2.3.2. Image registration

To calculate patient specific DVHs, the dose distributions and reference livers were aligned using deformable image registration. The mesh format AM/AF reference livers were first voxelized using an algorithm developed in-house. Subsequently, patient CT images were registered to the voxelized reference livers using contour-based deformable registration in MIMVista (MIM Software, Cleveland, USA). The resulting deformation vector fields were used to deform the patients’ dose distributions from the treatment plans. The recorded spatial coordinates (x,y,z) of each simulated BP were also mapped onto the voxelized reference livers. As a result, the patient CT, treatment dose distributions and BP paths were all aligned with the reference liver.

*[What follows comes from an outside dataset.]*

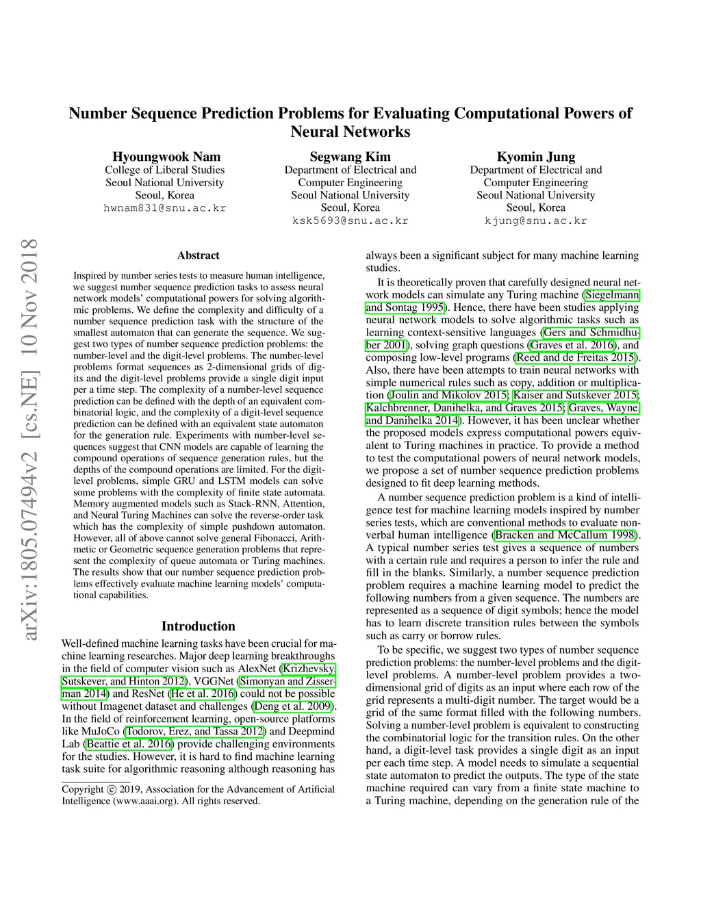 Inspired by number series tests to measure human intelligence, we suggest number sequence prediction tasks to assess neural network models' computational powers for solving algorithmic problems. We define the complexity and difficulty of a number sequence prediction task with the structure of the smallest automaton that can generate the sequence. We suggest two types of number sequence prediction problems: the number-level and the digit-level problems. The number-level problems format sequences as 2-dimensional grids of digits and the digit-level problems provide a single digit input per a time step. The complexity of a number-level sequence prediction can be defined with the depth of an equivalent combinatorial logic, and the complexity of a digit-level sequence prediction can be defined with an equivalent state automaton for the generation rule. Experiments with number-level sequences suggest that CNN models are capable of learning the compound operations of sequence generation rules, but the depths of the compound operations are limited. For the digit-level problems, simple GRU and LSTM models can solve some problems with the complexity of finite state automata. Memory augmented models such as Stack-RNN, Attention, and Neural Turing Machines can solve the reverse-order task which has the complexity of simple pushdown automaton. However, all of above cannot solve general Fibonacci, Arithmetic or Geometric sequence generation problems that represent the complexity of queue automata or Turing machines. The results show that our number sequence prediction problems effectively evaluate machine learning models' computational capabilities.

2.3.3. Time-dependent blood DVH

Each treatment fraction is composed of multiple fields which require certain amount of time to deliver, with break times in between to prepare for the next field. Given the registered dose fields, BOTs and number of fractions, the dose rate was computed for each voxel along the BP path. The accumulated dose to a BP after one fraction was computed by integrating over all time steps k along the BP path (Eq.1).

di=1kd˙k(x,t)Δt (1)

where d˙k(x,t) represents the dose rate at x at time t, Δt represents the time step (set to 0.1s). The dose over multiple BPs were represented by a one-dimensional dose array Dj = {d1, d2, …,dN}, where di was the dose to the i-th BP and N was the total number of BPs. di = 0 for BPs that did not cross any dose fields. Blood DVHs (bDVH) after a single fraction were then computed.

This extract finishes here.